For the highest-quality images, set --height 2048 --width 2048 and
--sampler-preset V4_QUALITY_48.
Safety screening with Hive
Prompt and output safety screening is performed via Hive.
Sign up and create a Text Moderation key and a Visual Content Moderation key,
then export them as HIVE_TEXT_MODERATION_KEY and HIVE_VISUAL_MODERATION_KEY
(or pass them via --hive-text-key / --hive-visual-key).
python run_inference.py \
--prompt "an isometric illustration of a tiny city floating in the clouds" \
--output out.png \
--quantization "nf4" \
--magic-prompt-key "$MAGIC_PROMPT_API_KEY" \
--hive-text-key "$HIVE_TEXT_MODERATION_KEY" \
--hive-visual-key "$HIVE_VISUAL_MODERATION_KEY"

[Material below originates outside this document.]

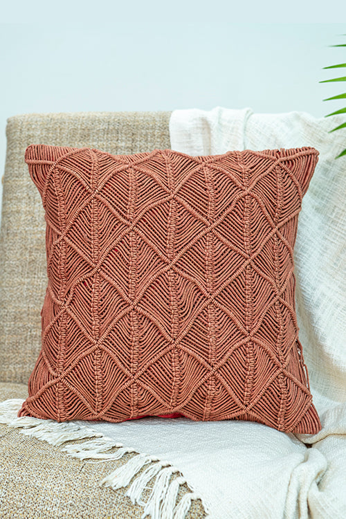 108Knots Cross Knot Hand-Knotted Cushion Cover (Single Pc)-Dusty Pink
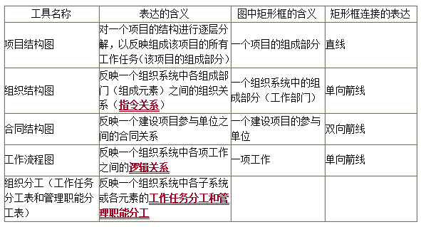 考點:項目結(jié)構(gòu)圖、組織結(jié)構(gòu)圖、合同結(jié)構(gòu)圖、工作流程圖、組織分工表(管理任務(wù)分工表和管理職能分工表)對照:

For sampler presets, parameter reference, and optimization tips, see docs/inference.md.
Model Summary
Ideogram 4 is a foundation model trained entirely from scratch, not a fine-tune or distillation of any existing checkpoint. It is a flow-matching text-to-image model built on a fully single-stream Diffusion Transformer (DiT) architecture.
Architecture:
- Fully single-stream DiT. Text and image tokens are concatenated into one unified sequence and processed through the same 34-layer transformer, with no separate text or image branches. This enables deep cross-modal interaction at every layer.
- Vision-language model as text encoder. Instead of a text-only encoder like CLIP or T5, Ideogram 4 uses Qwen3-VL-8B-Instruct, a full vision-language model that provides far richer understanding of visual concepts. Hidden states are extracted from 13 intermediate layers and concatenated, giving the model multi-scale semantic features ranging from surface-level token information to deep compositional understanding.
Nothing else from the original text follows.